====== Data

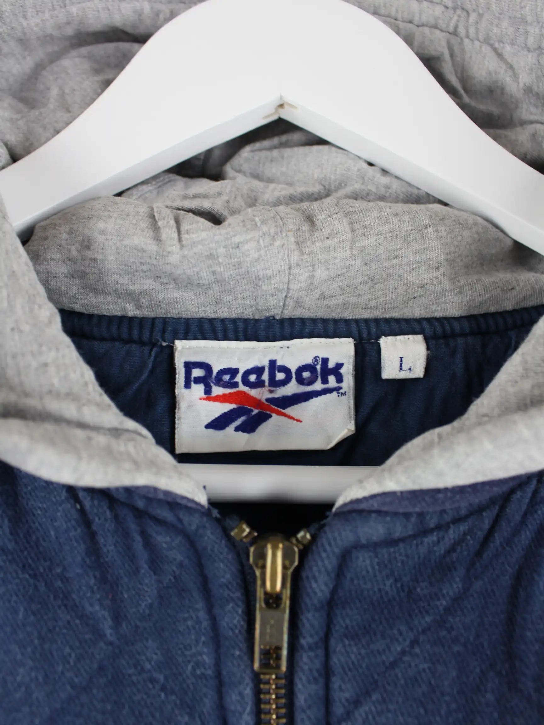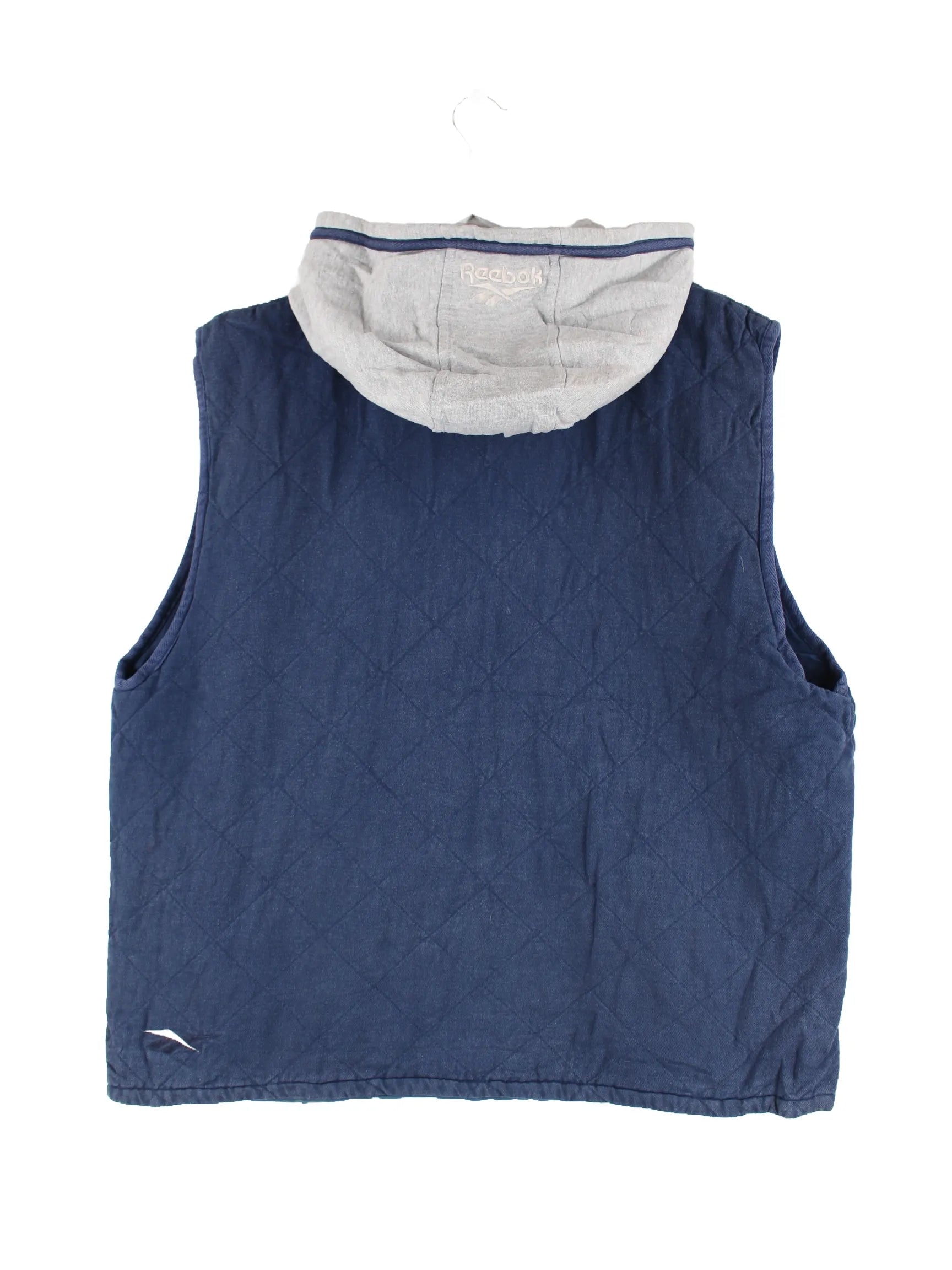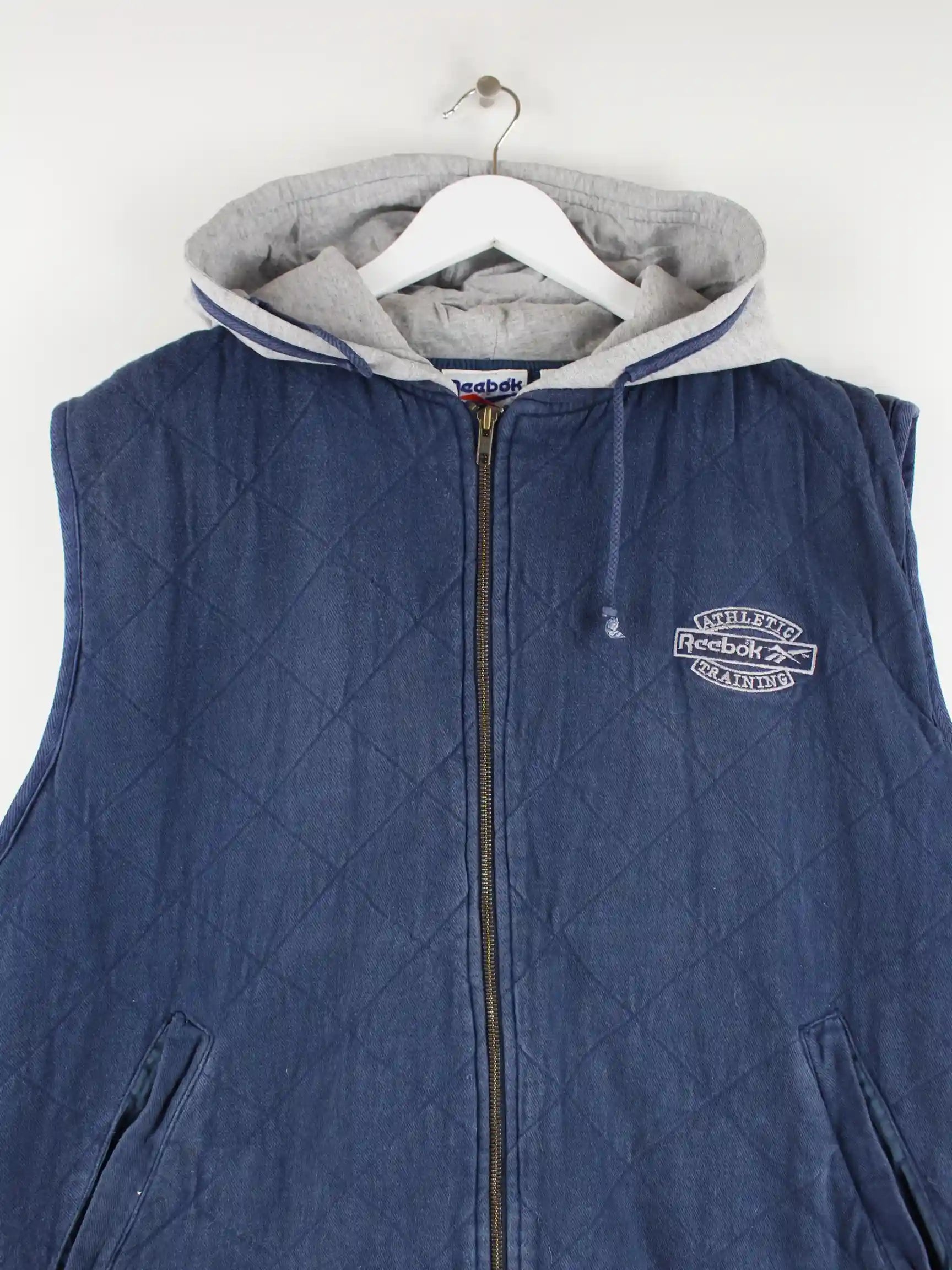 Blaue Weste von Reebok aus den 90'ern in Größe L. Sie ist aus Baumwolle gemacht und in gutem Zustand zu bekommen.
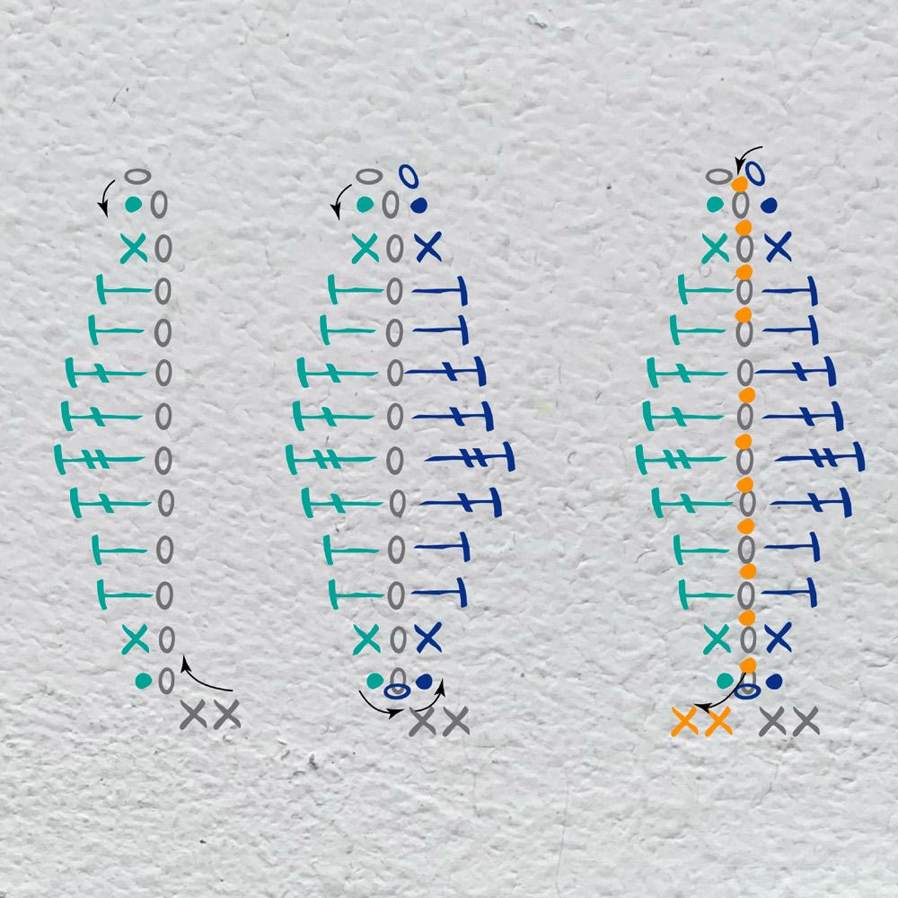 1 – Pour que ce soit joli, à vous d’improviser le rythme des feuilles, tantôt seules, tantôt deux ou trois très rapprochées.
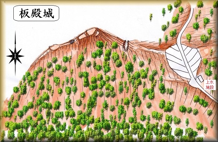 板殿城は、西の笠根城と東のイビキ城との中間地点に位置しており、両者のつなぎの城だった可能性が高いと考えられている。
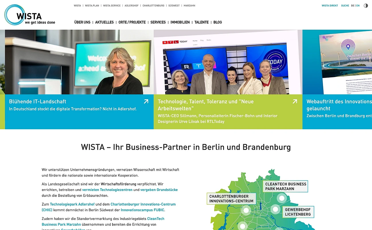 Die WISTA Management GmbH ist ein landeseigenes Unternehmen in Berlin, das sich auf Wirtschaftsförderung und Standortentwicklung spezialisiert hat. Das Unternehmen managt und berät eine Vielzahl von zukunftsorientierten Technologieprojekten und -standorten in den Bereichen Innovation und Green Tech und bildet mit seinen über die Hauptstadt verteilten Technologie- und Forschungsstandorten das größte Technologiecluster Deutschlands.
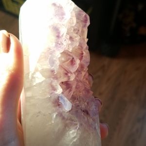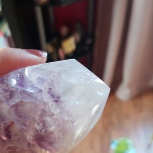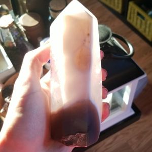 Amethyst agate tower, slight chip on the top point but still a beautiful piece. More pictures upon request. Reasonable offers please.
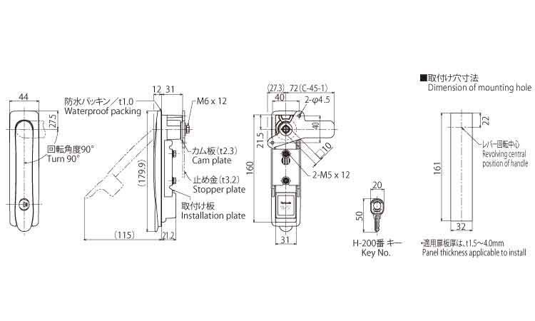 防水平面スイングハンドル
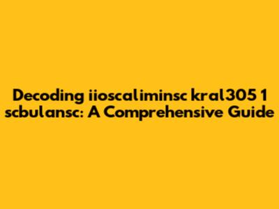 Decoding Iioscaliminsc Kral305 1 Scbulansc: A Comprehensive Guide
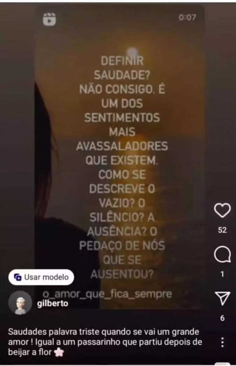 "Definir saudade? Não consigo. É um dos sentimentos mais avassaladores que existem. Como se descreve o vazio? O silêncio? A ausência? O pedaço de nós que se ausentou?", refletiu ele, que ainda escreveu na legenda: "Saudade: palavra triste quando se vai um grande amor. Igual a um passarinho que partiu depois de beijar a flor", escreveu.
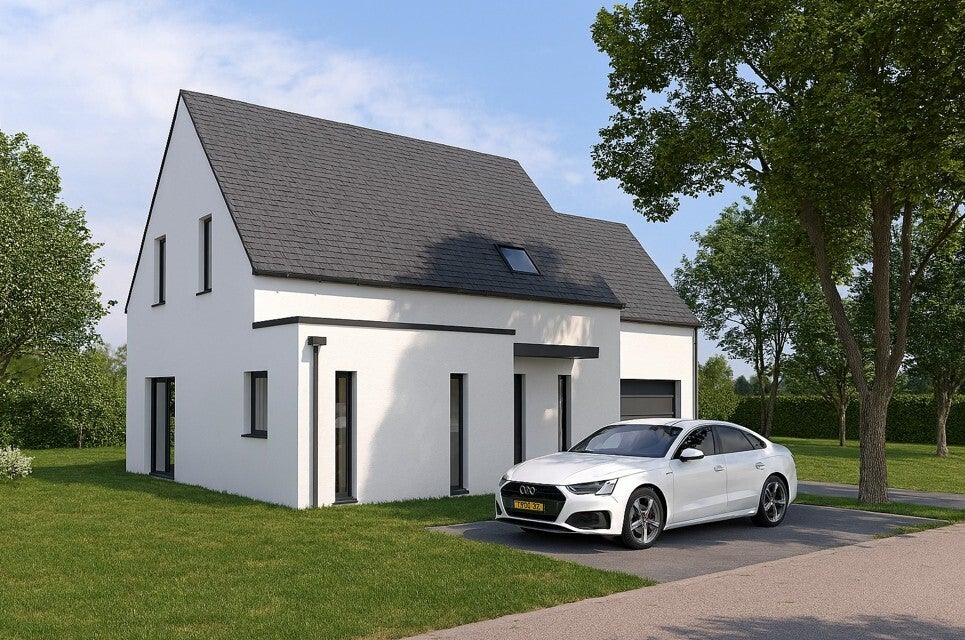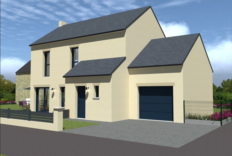 maison a deux pentes de 45° sous combles aménagé avec un garage et un cellier grande pièce de 37 m² de salon séjour cuisine, 3 belles chambres dont une au RDC avec sde, un salle de bains et wc . Pièce de 20 m² non isolé au dessus du garage pour chambre future. tout le confort, meubles de salle de bain 100 + 60 et 1 douche incluse 90*90, 1 baignoire incluse . model présenté 175500 euros TTC ( hors évacuation des terres) DOMMAGE OUVRAGE INCLUS. Honoraires maitre d'oeuvre inclus
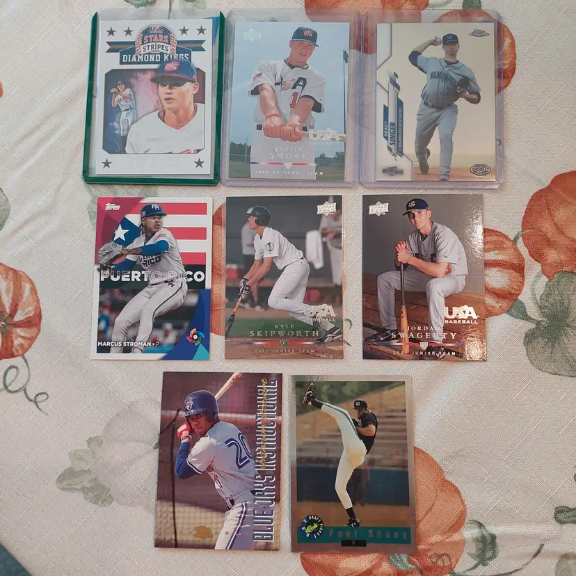 Corey Seager 2015 Panini USA Baseball Stars And Stripes diamond kings. Justin Smoak 2008 Upper Deck USA Baseball Insert. Brady Singer 2020 Topps Pro Debut Chrome. Marcus Stroman 2023 Topps world Baseball Classic Insert. Kyle Skipworth 2008 Upper Deck USA Baseball Insert. Jordan Swagerty 2008 Upper Deck USA Baseball Insert. Shannon Stewart 1994 classic best gold. Paul Shuey 1992 Classic bonus card. Justus Sheffield 2015 Panini USA Baseball Stars And Stripes crusade. Aaron Sabato 2020 Panini Prizm Draft Picks power surge Insert. Adam Seminaris 2020 Panini Prizm Draft Picks red purple Parallel. Noah Song 2020 Topps Pro Debut Chrome. Jacob Steinmetz 2021 Panini Prizm Draft Picks pink Velocity Parallel. Eric Silva 2021 Panini Prizm Draft Picks pink Velocity Parallel.
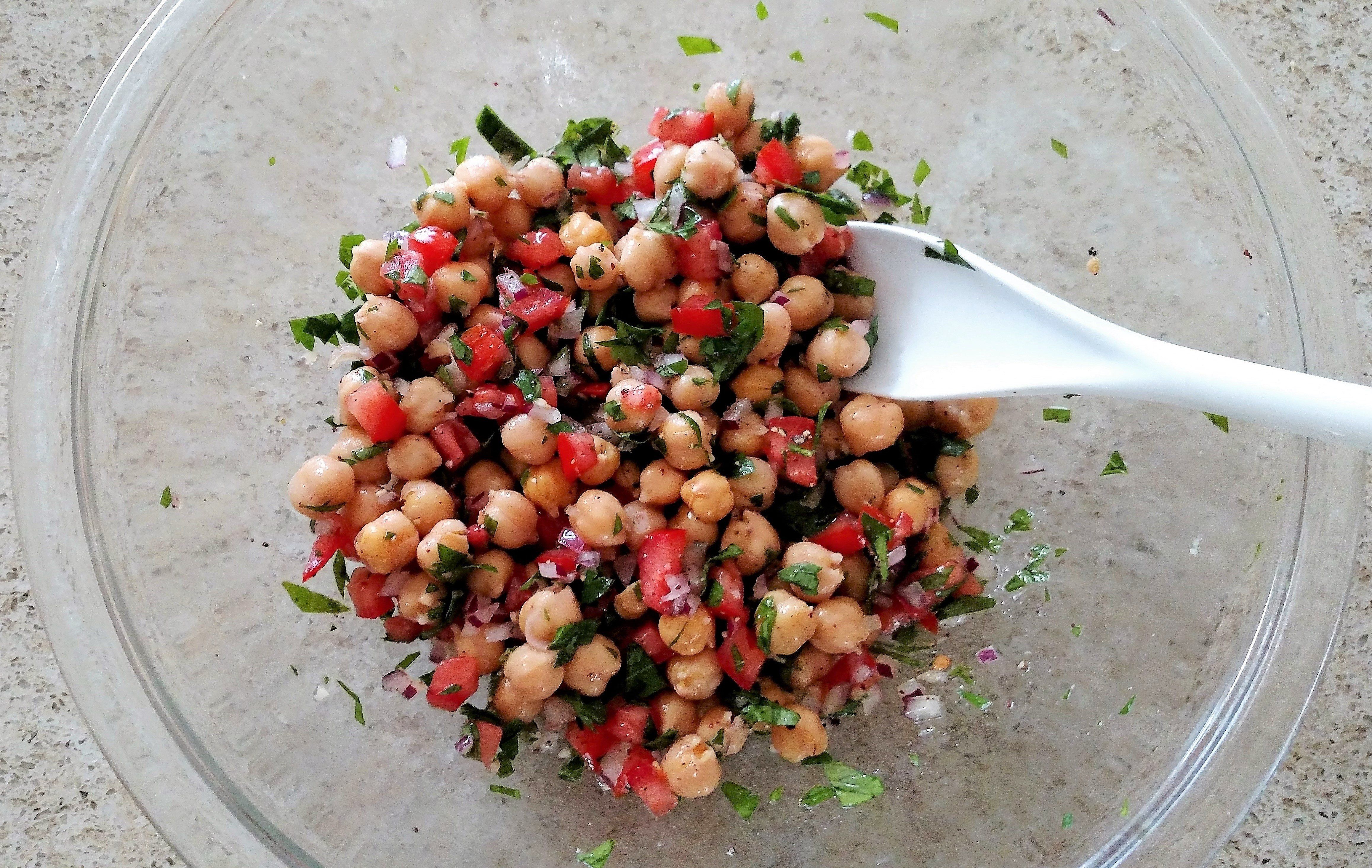 Mediterranean Balela Salad is a wonderful chickpea salad made with tons of fresh flavors like parsley, onion, tomato, garlic, and fresh lemon juice.

============

Your objective:
Please transcribe all of the entries exactly and omit any picture they hold.

Written response:
 Blaue Weste von Reebok aus den 90'ern in Größe L. Sie ist aus Baumwolle gemacht und in gutem Zustand zu bekommen.
 1 – Pour que ce soit joli, à vous d’improviser le rythme des feuilles, tantôt seules, tantôt deux ou trois très rapprochées.
 板殿城は、西の笠根城と東のイビキ城との中間地点に位置しており、両者のつなぎの城だった可能性が高いと考えられている。
 Die WISTA Management GmbH ist ein landeseigenes Unternehmen in Berlin, das sich auf Wirtschaftsförderung und Standortentwicklung spezialisiert hat. Das Unternehmen managt und berät eine Vielzahl von zukunftsorientierten Technologieprojekten und -standorten in den Bereichen Innovation und Green Tech und bildet mit seinen über die Hauptstadt verteilten Technologie- und Forschungsstandorten das größte Technologiecluster Deutschlands.
 Amethyst agate tower, slight chip on the top point but still a beautiful piece. More pictures upon request. Reasonable offers please.
 防水平面スイングハンドル
 Decoding Iioscaliminsc Kral305 1 Scbulansc: A Comprehensive Guide
 "Definir saudade? Não consigo. É um dos sentimentos mais avassaladores que existem. Como se descreve o vazio? O silêncio? A ausência? O pedaço de nós que se ausentou?", refletiu ele, que ainda escreveu na legenda: "Saudade: palavra triste quando se vai um grande amor. Igual a um passarinho que partiu depois de beijar a flor", escreveu.
 maison a deux pentes de 45° sous combles aménagé avec un garage et un cellier grande pièce de 37 m² de salon séjour cuisine, 3 belles chambres dont une au RDC avec sde, un salle de bains et wc . Pièce de 20 m² non isolé au dessus du garage pour chambre future. tout le confort, meubles de salle de bain 100 + 60 et 1 douche incluse 90*90, 1 baignoire incluse . model présenté 175500 euros TTC ( hors évacuation des terres) DOMMAGE OUVRAGE INCLUS. Honoraires maitre d'oeuvre inclus
 Corey Seager 2015 Panini USA Baseball Stars And Stripes diamond kings. Justin Smoak 2008 Upper Deck USA Baseball Insert. Brady Singer 2020 Topps Pro Debut Chrome. Marcus Stroman 2023 Topps world Baseball Classic Insert. Kyle Skipworth 2008 Upper Deck USA Baseball Insert. Jordan Swagerty 2008 Upper Deck USA Baseball Insert. Shannon Stewart 1994 classic best gold. Paul Shuey 1992 Classic bonus card. Justus Sheffield 2015 Panini USA Baseball Stars And Stripes crusade. Aaron Sabato 2020 Panini Prizm Draft Picks power surge Insert. Adam Seminaris 2020 Panini Prizm Draft Picks red purple Parallel. Noah Song 2020 Topps Pro Debut Chrome. Jacob Steinmetz 2021 Panini Prizm Draft Picks pink Velocity Parallel. Eric Silva 2021 Panini Prizm Draft Picks pink Velocity Parallel.
 Mediterranean Balela Salad is a wonderful chickpea salad made with tons of fresh flavors like parsley, onion, tomato, garlic, and fresh lemon juice.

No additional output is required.